[DATA TO EXAMINE — start]
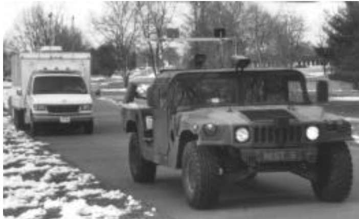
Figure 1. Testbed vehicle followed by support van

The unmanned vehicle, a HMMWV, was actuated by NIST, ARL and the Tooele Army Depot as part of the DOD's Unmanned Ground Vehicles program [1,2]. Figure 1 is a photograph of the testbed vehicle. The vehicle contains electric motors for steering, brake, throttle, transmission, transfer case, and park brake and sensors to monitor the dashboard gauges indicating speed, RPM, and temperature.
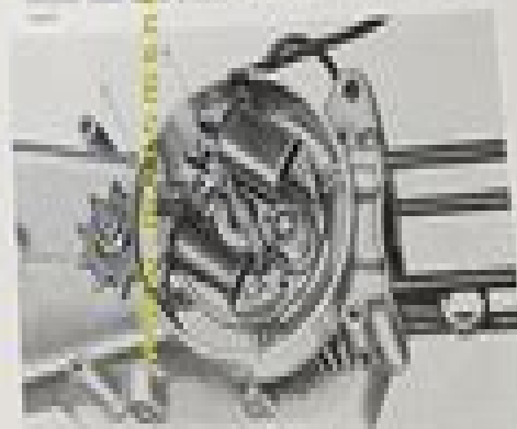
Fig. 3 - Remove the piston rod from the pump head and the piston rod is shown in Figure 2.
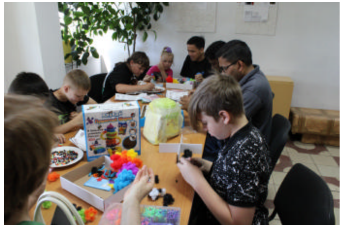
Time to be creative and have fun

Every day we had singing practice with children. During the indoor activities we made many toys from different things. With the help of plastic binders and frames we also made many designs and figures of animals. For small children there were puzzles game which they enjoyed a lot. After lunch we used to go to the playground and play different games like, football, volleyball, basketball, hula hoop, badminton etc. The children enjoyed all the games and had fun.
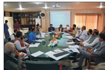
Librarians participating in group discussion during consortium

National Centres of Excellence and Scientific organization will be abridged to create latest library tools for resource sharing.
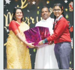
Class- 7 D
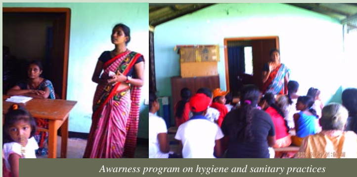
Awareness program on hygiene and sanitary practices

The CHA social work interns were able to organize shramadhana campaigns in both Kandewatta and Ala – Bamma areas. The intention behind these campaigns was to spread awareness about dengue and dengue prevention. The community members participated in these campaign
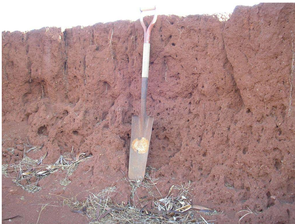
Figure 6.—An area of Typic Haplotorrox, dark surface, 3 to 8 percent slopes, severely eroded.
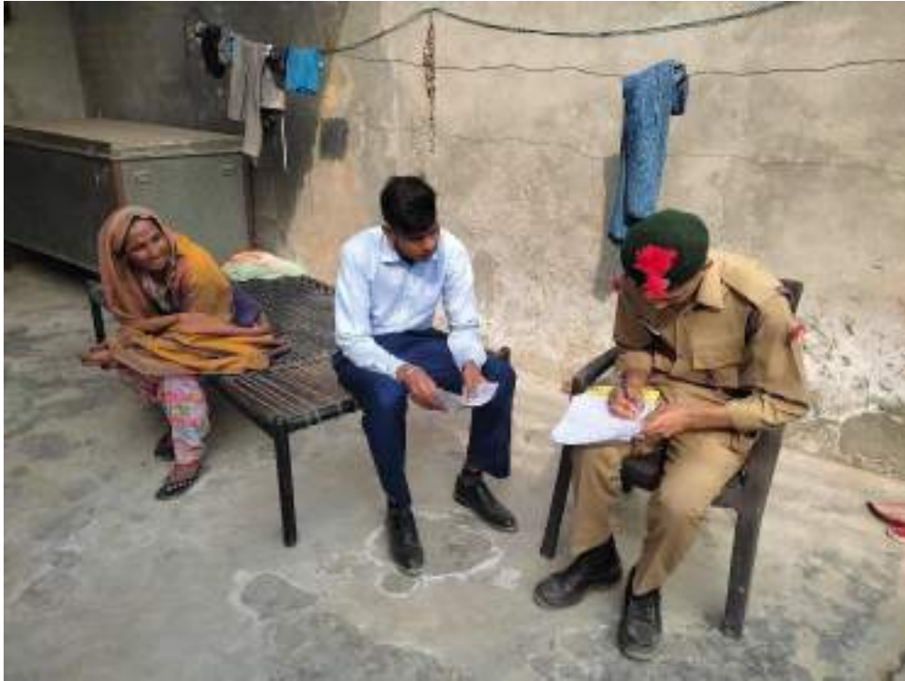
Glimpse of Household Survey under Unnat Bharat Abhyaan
[DATA TO EXAMINE — finish]
[DATA TO EXAMINE — start]
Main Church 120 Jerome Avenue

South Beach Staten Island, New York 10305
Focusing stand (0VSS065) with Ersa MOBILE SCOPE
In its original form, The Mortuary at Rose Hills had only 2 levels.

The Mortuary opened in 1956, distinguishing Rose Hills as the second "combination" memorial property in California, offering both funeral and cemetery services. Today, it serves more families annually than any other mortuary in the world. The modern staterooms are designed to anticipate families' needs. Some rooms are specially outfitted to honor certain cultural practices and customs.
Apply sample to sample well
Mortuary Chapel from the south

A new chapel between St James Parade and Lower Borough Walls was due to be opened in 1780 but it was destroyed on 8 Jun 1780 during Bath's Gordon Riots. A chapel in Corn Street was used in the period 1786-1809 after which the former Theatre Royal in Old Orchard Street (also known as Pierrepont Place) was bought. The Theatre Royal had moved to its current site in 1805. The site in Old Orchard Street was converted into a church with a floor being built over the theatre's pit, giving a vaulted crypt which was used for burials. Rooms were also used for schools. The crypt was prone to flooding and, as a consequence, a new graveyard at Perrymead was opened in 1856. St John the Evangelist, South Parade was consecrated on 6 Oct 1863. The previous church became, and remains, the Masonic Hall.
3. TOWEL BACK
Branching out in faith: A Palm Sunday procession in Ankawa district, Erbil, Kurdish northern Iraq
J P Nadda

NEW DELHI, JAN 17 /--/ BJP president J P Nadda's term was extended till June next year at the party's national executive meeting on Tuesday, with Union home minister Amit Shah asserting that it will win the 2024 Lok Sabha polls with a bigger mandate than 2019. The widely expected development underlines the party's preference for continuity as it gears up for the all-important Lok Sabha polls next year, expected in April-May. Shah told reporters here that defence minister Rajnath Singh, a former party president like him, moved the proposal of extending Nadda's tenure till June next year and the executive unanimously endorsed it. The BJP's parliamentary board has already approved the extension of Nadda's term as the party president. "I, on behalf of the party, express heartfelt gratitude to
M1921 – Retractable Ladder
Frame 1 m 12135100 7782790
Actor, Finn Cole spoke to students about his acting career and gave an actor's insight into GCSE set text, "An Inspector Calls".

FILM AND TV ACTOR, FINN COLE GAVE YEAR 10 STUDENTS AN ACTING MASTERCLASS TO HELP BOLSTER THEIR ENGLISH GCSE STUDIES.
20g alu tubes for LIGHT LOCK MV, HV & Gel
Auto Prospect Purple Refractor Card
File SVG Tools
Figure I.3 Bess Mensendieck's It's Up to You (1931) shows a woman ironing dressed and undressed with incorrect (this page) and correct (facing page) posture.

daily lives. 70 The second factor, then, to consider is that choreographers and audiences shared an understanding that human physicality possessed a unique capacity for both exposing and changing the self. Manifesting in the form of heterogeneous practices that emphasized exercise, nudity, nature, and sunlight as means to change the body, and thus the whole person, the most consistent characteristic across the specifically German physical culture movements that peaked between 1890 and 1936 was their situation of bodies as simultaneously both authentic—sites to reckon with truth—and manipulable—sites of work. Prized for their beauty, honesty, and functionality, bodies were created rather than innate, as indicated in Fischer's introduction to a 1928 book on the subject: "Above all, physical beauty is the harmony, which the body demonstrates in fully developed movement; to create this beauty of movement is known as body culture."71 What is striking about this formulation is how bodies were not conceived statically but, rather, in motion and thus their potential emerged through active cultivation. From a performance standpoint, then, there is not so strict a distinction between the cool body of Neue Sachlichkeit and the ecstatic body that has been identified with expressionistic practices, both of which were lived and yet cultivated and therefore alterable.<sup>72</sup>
[DATA TO EXAMINE — finish]
[DATA TO EXAMINE — start]
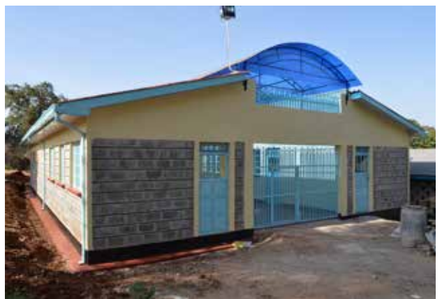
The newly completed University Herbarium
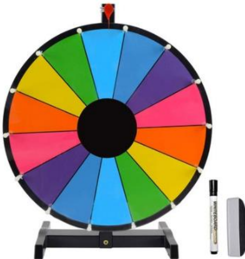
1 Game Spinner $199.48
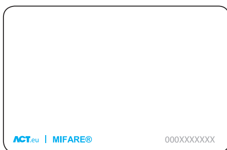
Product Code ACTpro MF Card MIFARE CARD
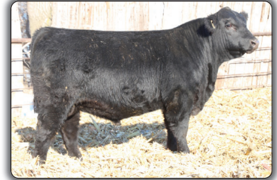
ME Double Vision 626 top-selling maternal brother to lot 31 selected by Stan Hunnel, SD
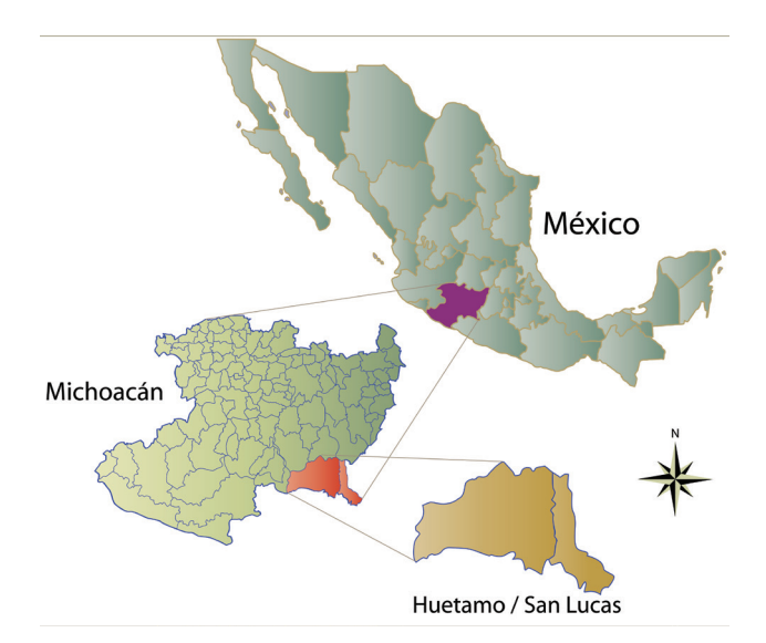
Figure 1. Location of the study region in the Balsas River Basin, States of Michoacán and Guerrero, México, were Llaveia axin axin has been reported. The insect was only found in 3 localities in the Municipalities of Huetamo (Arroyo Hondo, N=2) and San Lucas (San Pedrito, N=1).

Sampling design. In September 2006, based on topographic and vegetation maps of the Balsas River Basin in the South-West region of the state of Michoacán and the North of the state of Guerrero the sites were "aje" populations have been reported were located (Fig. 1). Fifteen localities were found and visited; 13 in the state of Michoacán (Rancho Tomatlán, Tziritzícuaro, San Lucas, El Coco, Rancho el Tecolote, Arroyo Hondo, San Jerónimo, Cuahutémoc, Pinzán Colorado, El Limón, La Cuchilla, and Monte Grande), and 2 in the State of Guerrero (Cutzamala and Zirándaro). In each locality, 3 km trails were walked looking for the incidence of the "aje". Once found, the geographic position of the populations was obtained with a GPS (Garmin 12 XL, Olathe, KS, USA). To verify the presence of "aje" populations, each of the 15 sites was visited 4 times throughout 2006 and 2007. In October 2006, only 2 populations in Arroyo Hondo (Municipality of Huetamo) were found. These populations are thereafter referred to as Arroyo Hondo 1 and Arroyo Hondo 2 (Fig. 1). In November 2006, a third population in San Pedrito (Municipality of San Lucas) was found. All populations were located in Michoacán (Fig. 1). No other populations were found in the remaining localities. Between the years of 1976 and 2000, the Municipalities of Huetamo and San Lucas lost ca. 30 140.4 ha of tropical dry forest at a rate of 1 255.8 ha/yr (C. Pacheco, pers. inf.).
[DATA TO EXAMINE — finish]
EXERCISE INSTRUCTIONS: Leaving pictures out, output the lines of the data above from the one with "1 Game Spinner $199.48" through the one with "Figure 1. Location", word for word.

WRITTEN RESPONSE:
1 Game Spinner $199.48
Product Code ACTpro MF Card MIFARE CARD
ME Double Vision 626 top-selling maternal brother to lot 31 selected by Stan Hunnel, SD
Figure 1. Location of the study region in the Balsas River Basin, States of Michoacán and Guerrero, México, were Llaveia axin axin has been reported. The insect was only found in 3 localities in the Municipalities of Huetamo (Arroyo Hondo, N=2) and San Lucas (San Pedrito, N=1).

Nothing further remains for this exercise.